En paralelo, en el terreno diplomático, la parálisis es la nota dominante en los procesos impulsados desde 2017 tanto por la ONU (Ginebra) como por Rusia, junto con Irán y Turquía (Astana). En el primero, centrado en la elaboración de una nueva Constitución, ha quedado claro, tras 16 meses y cinco rondas de encuentros, que el régimen se siente lo suficientemente fuerte como para no ceder a ninguna de las peticiones de una oposición –la Coalición Nacional Siria–, incapaz de presentar una imagen de unidad mínimamente sólida.

En el segundo, es cierto que se ha conseguido dar algún paso en términos de desescalada militar en algunas provincias, lo que ha servido a las fuerzas de Al Asad para seguir avanzando posiciones. Pero ya ha quedado claro que este no es el foro para la resolución del conflicto y, menos aún, para acordar una vía de salida consensuada entre los múltiples actores implicados en él. Por el contrario, incluso es evidente que Moscú está empleando este marco para dividir aún más a la oposición, dando cancha a actores que ya no reclaman la caída del dictador.

Un país en ruinas y al borde de la fragmentación definitiva

Entretanto, en el terreno político, Al Asad, ahora afectado por el coronavirus, se afana por completar su farsa electoral tras las elecciones municipales de septiembre de 2018 y las legislativas del pasado julio, contando con revalidar por cuarta vez su mandato presidencial esta próxima primavera. Simultáneamente, con el apoyo decidido de Emiratos Árabes Unidos –que fue el primero en reabrir su embajada en Damasco, en diciembre de 2018–, continúa avanzando el proceso para el reingreso de Siria en la Liga Árabe, de donde fue expulsada a finales de 2011.

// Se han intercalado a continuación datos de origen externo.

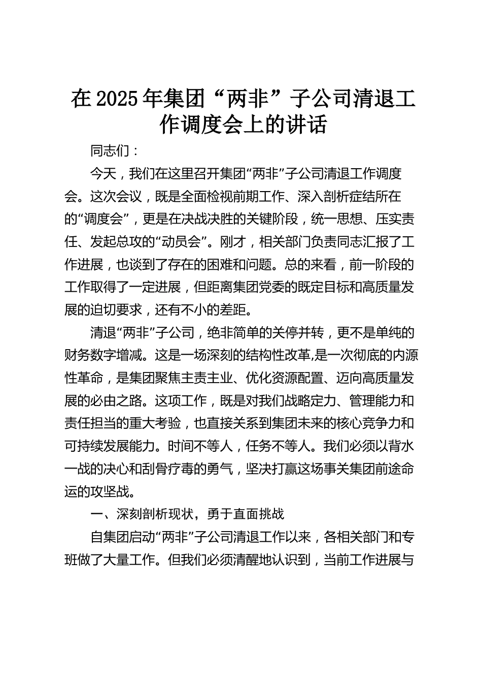 在2025年集團“兩非”子公司清退工作調(diào)度會上的講話
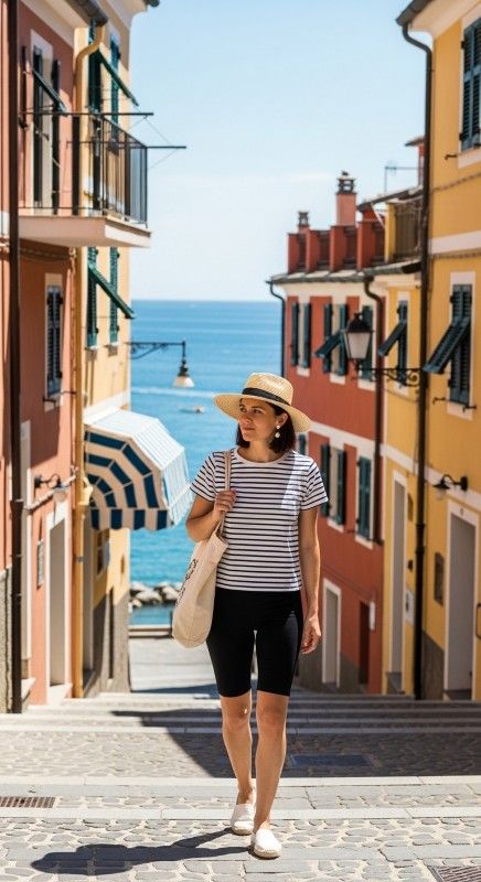 A navy and white striped tee tucked into black biker shorts creates nautical-inspired casual elegance perfect for coastal summer days. The classic stripes add visual interest while the fitted shorts provide comfortable movement and breathability. Pair with white espadrilles and a canvas tote for relaxed seaside style. Add a straw hat and simple studs for sun-smart polish. This combination captures effortless maritime charm. Ideal for beach towns, boardwalks, or casual cafรฉs.
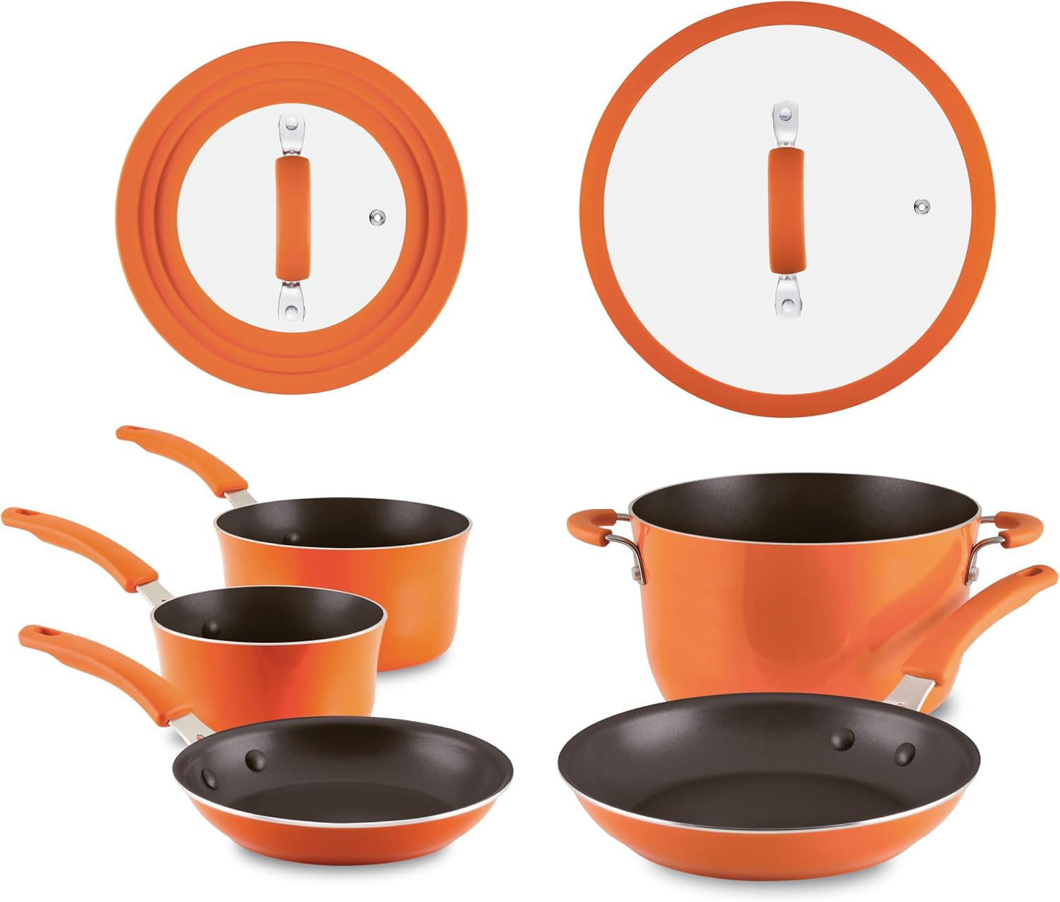 It’s time to step up your cooking game! This Rachael Ray Cook + Create 11-Piece Nonstick Cookware Set is not just super practical – it also brings a touch of luxe to your cooking experience, with loads of smart and convenient features – like space-saving universal lids, nonstick rivets, and improved nonstick. Both lids are made from tempered glass with silicone rims and one of them features an innovative stepped edge, so you can cover the whole set with just two lids, locking in heat and flavor and saving precious cabinet space. The dual rivets attaching the handles are nonstick coated for smooth stirring and easy cleaning. And the new premium triple-layer nonstick gives you the ultimate food release, scratch resistance, and durability. Plus, you’ll love the comfy silicone-grip handles! The cookware is made with thick-gauge aluminum for a sturdy feel, reliable stovetop performance, and quick, even heating. Oh yeah, and they’re oven safe to 400 degrees F. Cook + Create was designed to maximize cooking surfaces and capacity for the ultimate in cooking efficiency, while the collection’s fun color options make it easy to complement any home decor, so these contemporary designs will always be in style. If you’re ready to get fun and functional in the kitchen, you’re ready to Cook + Create!

Eso no quiere decir que el dictador pueda mostrase ufano, al frente de un país en ruinas, en riesgo de fragmentación definitiva, con presencia de tropas extranjeras en su suelo, con zonas que escapan a su control e incapaz de conjugar a su favor los intereses de tantos actores externos.

Esta situación es aprovechada por algunos, como Irán e Israel, a su favor, convirtiendo el territorio sirio en su propio campo de batalla, con Rusia como árbitro, y Turquía procurando impedir el sueño estatal kurdo. Una Rusia que ha ganado peso en la zona, aprovechando la falta de voluntad de Estados Unidos desde que Obama (en agosto de 2013) dejó claro que no iba a castigar a Al Asad por su uso de armas químicas contra civiles.

En estas circunstancias, cuando ya unos y otros han asumido la idea de que no hay alternativa viable, por temor al creciente peso del salafismo entre los llamados rebeldes y por la debilidad e incapacidad demostrada reiteradamente por los sucesivos líderes opositores. No parece que la reciente condena por crímenes contra la humanidad contra un agente del régimen por parte de un tribunal alemán baste para se cumpla el vaticinio de los niños que fueron torturados hace diez años por pintar: “Tu turno ha llegado, doctor”.